Submit to Digest

Google v. Oracle: Silicon Valley Braces for "Lawsuit of the Decade" as Google Petitions for Cert to decide API Copyrightability

Copyright Reports

Petition for Writ of Certiorari, Google LLC v. Oracle America, Inc., 886 F.3d 1179 (Fed. Cir. 2018), No.18-956. Petition hosted by Reuters.

In January of 2019, Google petitioned for certiorari in Google LLC v Oracle America, Inc. The case concerned a copyright infringement claim filed by Oracle against Google for use of the Java API in Android smartphones. Oracle seeks damages that could exceed $8 billion.

Java Platform, Standard Edition ("Java SE") is a software platform owned by Oracle that enables code written in the Java Programming Language to be run on a variety of computers using the “Java virtual machine.” It also includes a “library” of standardized pre-written “methods,” or blocks of code, to handle basic programming language features, such as mathematical calculations, strings, and simple graphics.  The included “Java API” is the list of names of those methods. Java developers use those names to cause the pre-written, underlying blocks of code to execute. Experienced Java developers prefer to use this standard API to avoid having to take the time to learn a new one.

The Java Programming Language has been free to use since the 1990s, but Java SE requires a license.

In 2005, Google negotiated with Sun Microsystems, then owner of Java SE, to use Java SE in its Android platform. Negotiations fell through, and Google developed its own Java platform for Android. Google used the Java Language in its platform, and used the Java API names, but used those names to refer to their own methods rather than the Java SE methods.  

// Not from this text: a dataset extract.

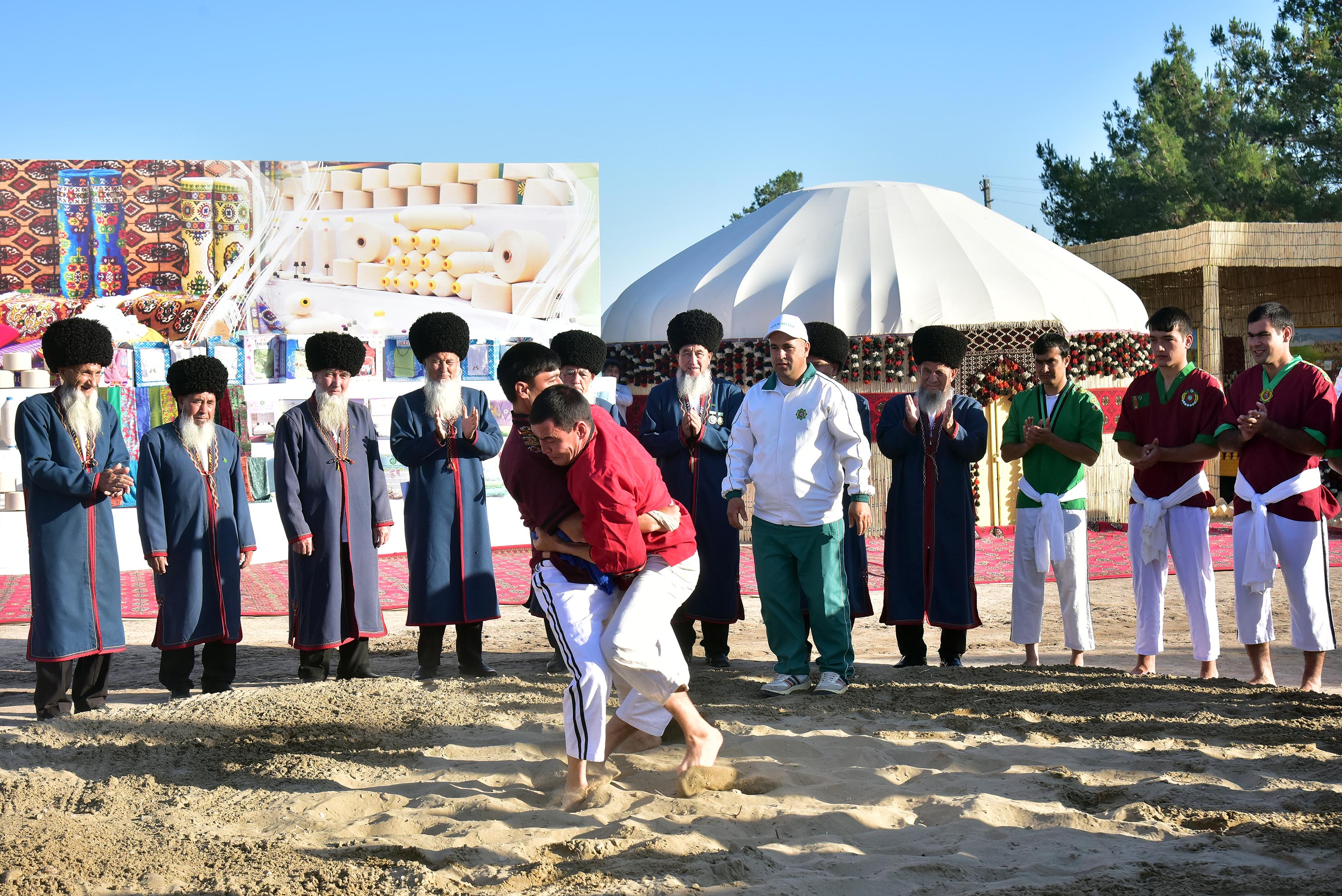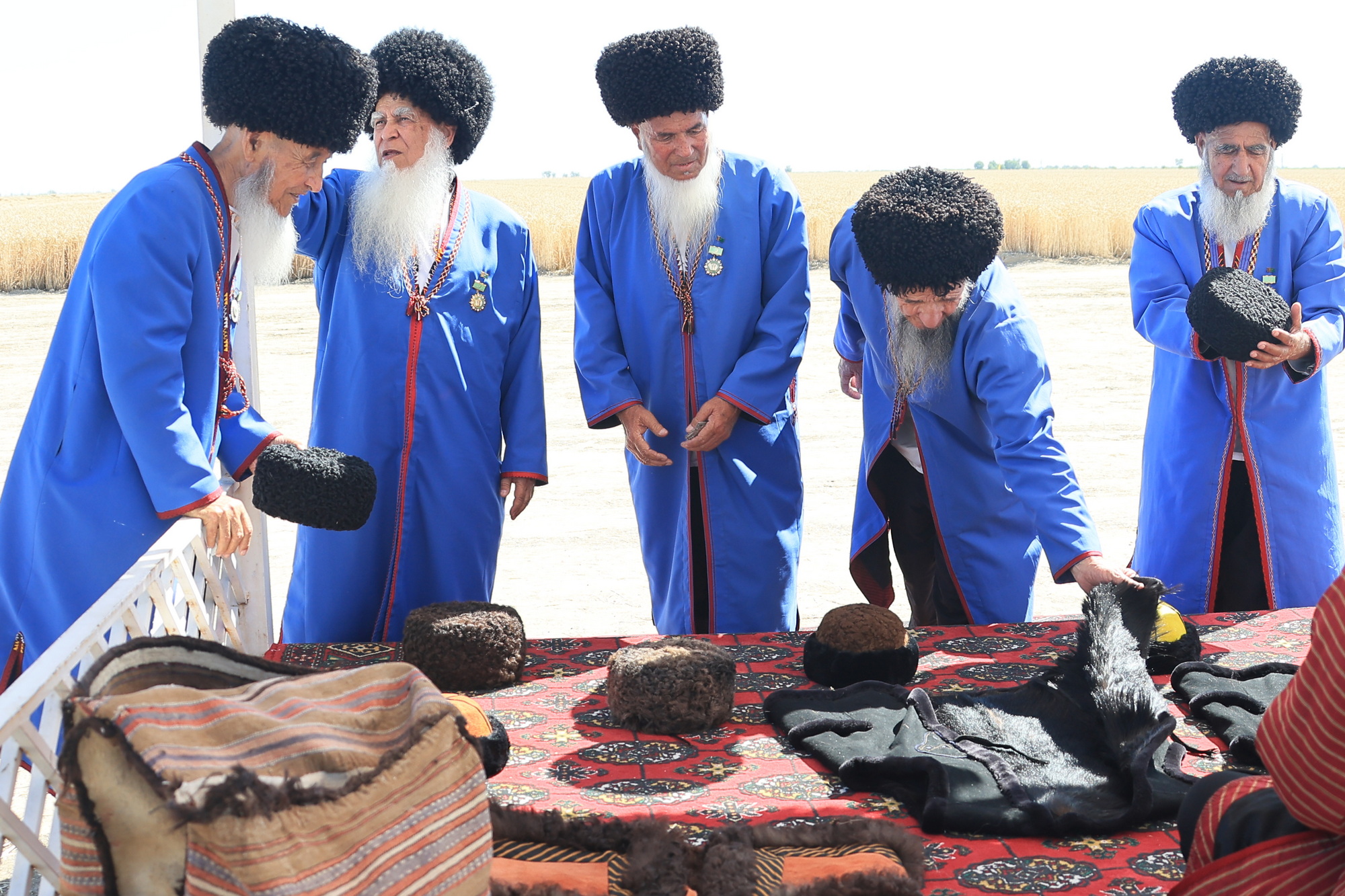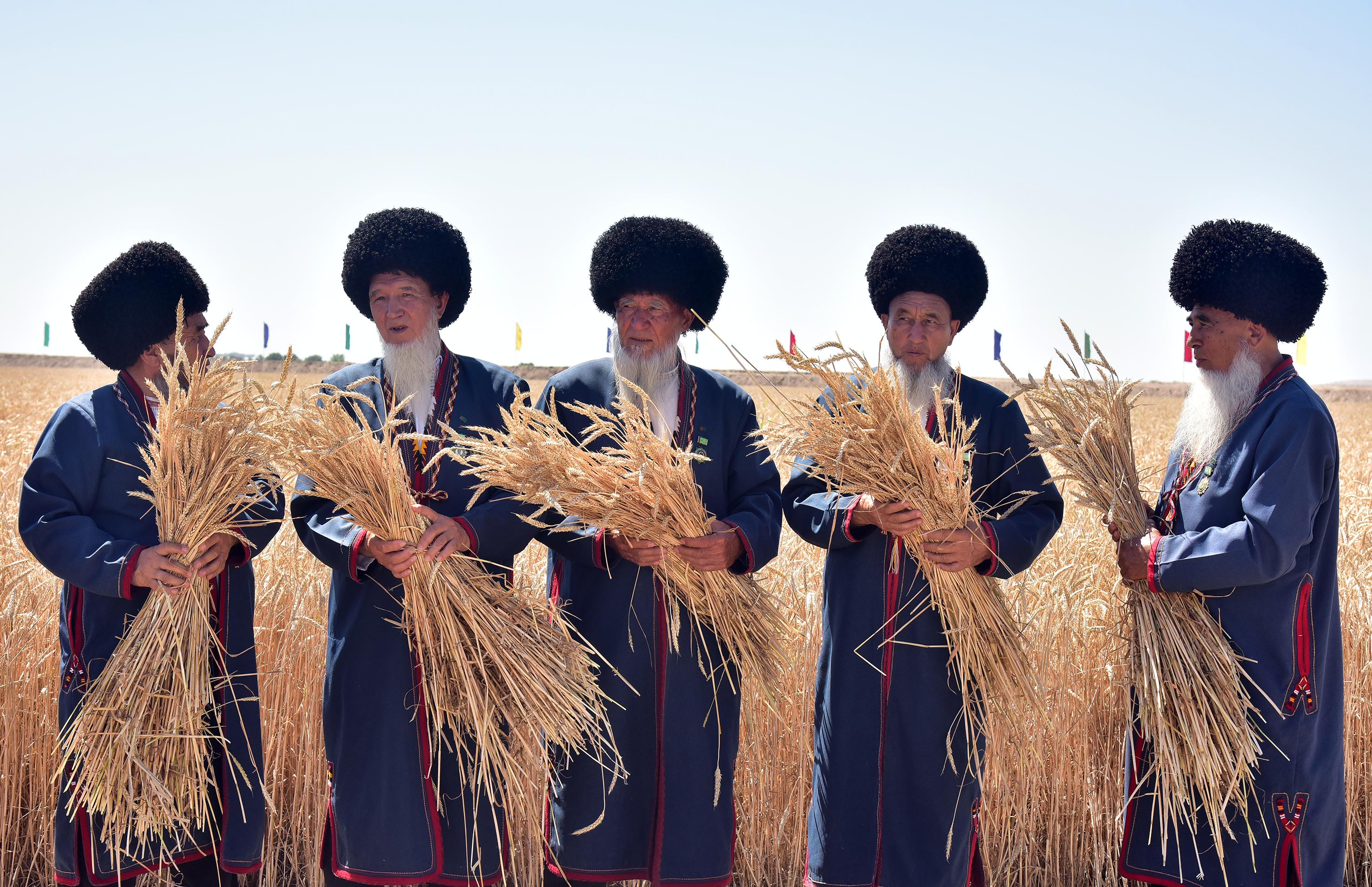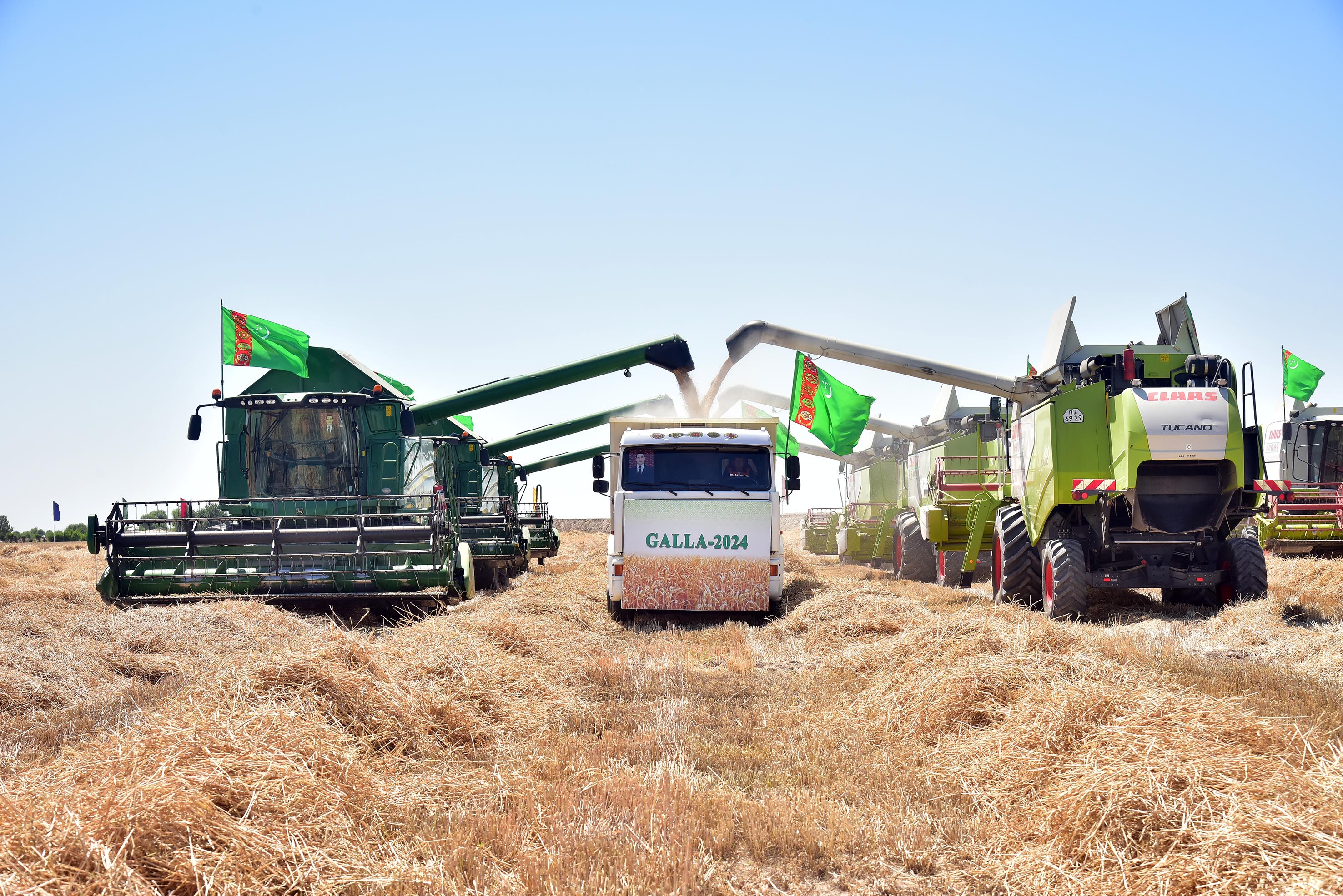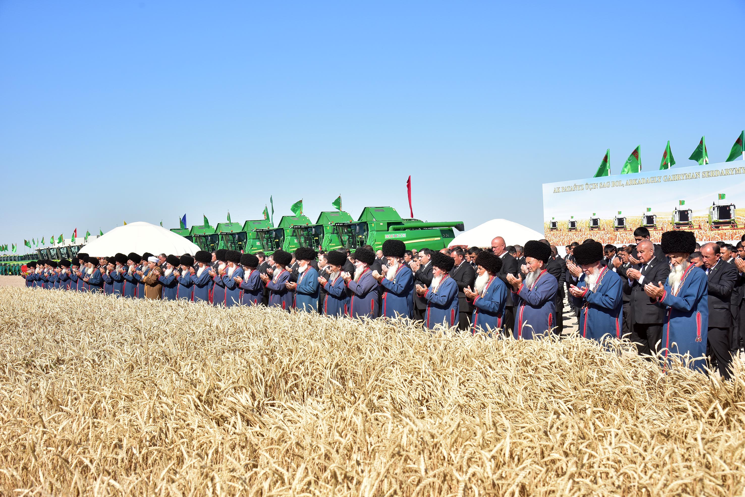 By a noble tradition, honoured elders gave their blessing to the grain harvesting in places, having prayed the Almighty for well-being and prosperity of our fatherland and all Turkmen people. Having cut the first wheatears with words «Çäjiňe bereket! » («Have a good harvest! »), aksakals gave way to combine operators.

In 2010, after Oracle acquired Sun Microsystems, Oracle sued Google for Copyright infringement in the Northern District of California, in the Ninth Circuit. At trial in 2012, Google presented a fair use defense, resulting in a hung jury. The trial court entered judgment as a matter of law that Google’s use was fair use, because the API was a “method of implementation” and because of the merger doctrine, which states that an expression of an idea cannot be copyrighted when there are only a limited number of ways to express it.

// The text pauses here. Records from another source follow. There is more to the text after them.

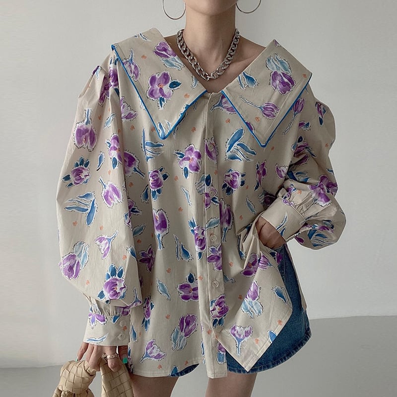 花柄シャツ プリントシャツ フレンチ ブラウス シャツ レトロ ラペルカラー フラワープリント ゆったり プルオーバー 長袖シャツ レディース シャツワンピ 韓国 オルチャン ママコーデ. お仕事コーデ 4カラー D508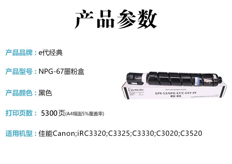 e代经典 NPG-67 19000页 黑 适用佳能iRC3320 C3325 C3330 粉盒 1.00 只/支 (计价单位:支) 黑色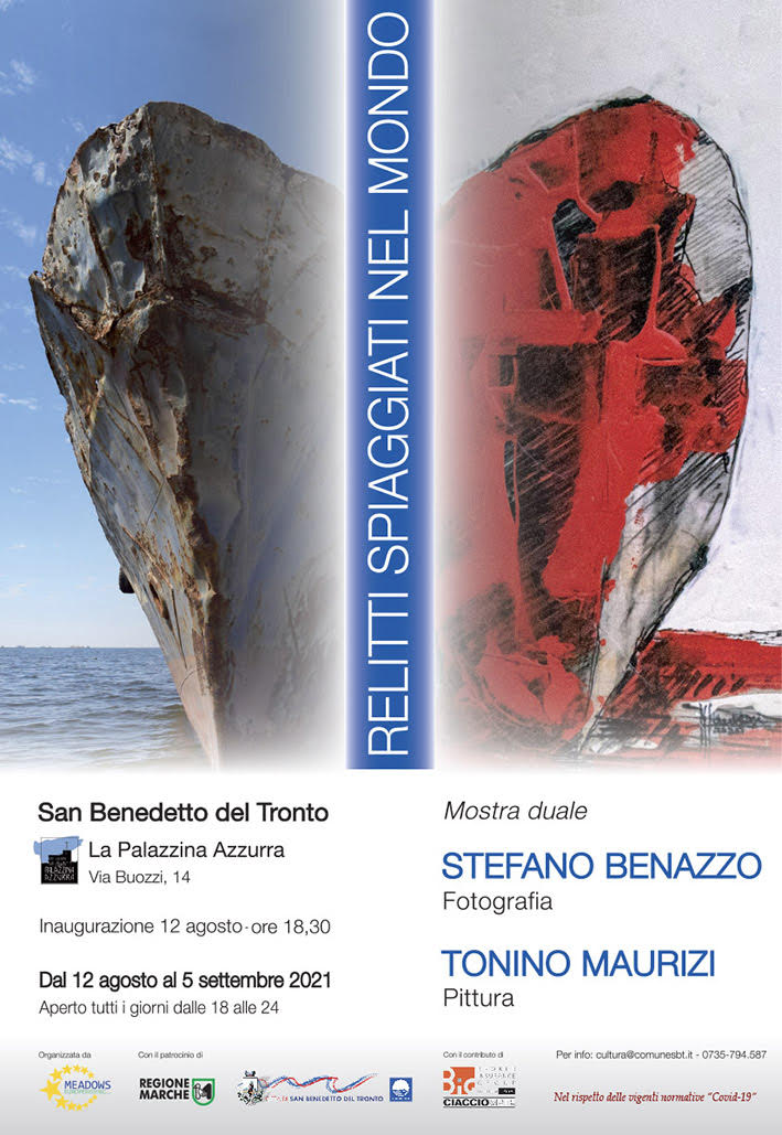 Il pittore, scultore, designer montecosarese Tonino Maurizi torna ad esporre in una mostra con il fotografo Stefano Benazzo dal titolo “Relitti spiaggiati nel mondo” che si apre alla Palazzina Azzurra di San Benedetto del Tronto giovedì 12 agosto (inaugurazione alle 18,30) per rimanervi fino al 5 settembre (tutti i giorni dalle 18 alle 24). L’esposizione ha il patrocinio della Regione Marche e del Comune di San Benedetto del Tronto.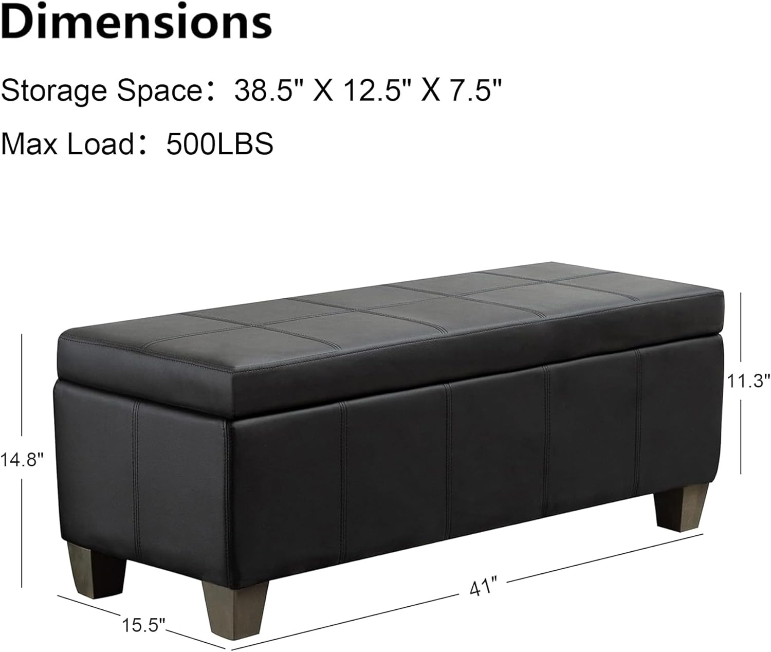 - OVERALL DEMENSION: The overall size of UDAX faux leather ottoman is 41‘*15.5’*14.8‘ and the inside storage dimension is 38.5’*12.5‘*7.5’. Our storage bench is wide enough to sit cozily and large enough to store your blanket, clothes, children's toys, and so on. It has plenty of space to help you organize every corner of your home.

In 2014, the Federal Circuit Court of Appeals held that methods of operation can be protected as long as they are also an expression of an idea, and that the merger doctrine does not apply because the API declarations could have been written differently. The court remanded for a new trial based on a fair use defense.

In the new trial in 2016, the jury found that Google’s use constituted fair use. In 2018, the Federal Circuit Court of Appeals overturned the verdict, finding as a matter of law that the use was not fair use. They found that the use was not transformative, harmed the market value of existing phones using Java SE, and diminished the market for use of Java SE in future smartphones. The court remanded for a trial on damages.

Google makes four arguments in support of its petitions for Certiorari. First, google argues that the Federal Circuit court erred in adopting a narrow reading of “methods of operation.” Google argues that the API is a “method of operation” because it is necessary to use the underlying Java SE methods; Google stresses the API should be treated differently from the copyright to the code itself.

Second, Google notes a circuit split on “methods of operation”, and argues that the Federal Circuit erred in its purported application of the Second Circuit test for whether “methods of operation” are copyrightable.  First and Sixth circuit precedent hold that methods of operation are never copyrightable, because they are an idea itself. However, the Third Circuit held that software interfaces are copyrightable so long as software performing the same function could have been written differently. The Second Circuit uses an “abstraction/filtration/comparison” test, which determines what part of the method of operation is protected, and tests if this was copied; the Fifth and Tenth Circuits have adopted this approach. Google argues that Ninth Circuit law more closely resembles that of the First Circuit.

Third, Google argues that the Federal Circuit erred in placing excessive emphasis on individual factors within a fair use test rather than evaluating it holistically. Google argues that its use was fair because applying the Java API to the constraints of a smartphone environment is transformative, and that facilitating access to the pool of experienced Java Language developers is fair use.

Fourth, Google argues it is critical to resolve the circuit split on this issue in light of the prevalence of software APIs within the technology industry, and the significant impact this could have on the economy. Lawsuit liability from use of APIs could drastically alter the way corporations invest and conduct research and development.

The lawsuit has attracted significant attention from the technology industry. The Electronic Frontier Foundation supports Google, citing “enormous legal uncertainty” in the software industry while the case is pending. A summary of Google’s arguments can be found at Ars Technica.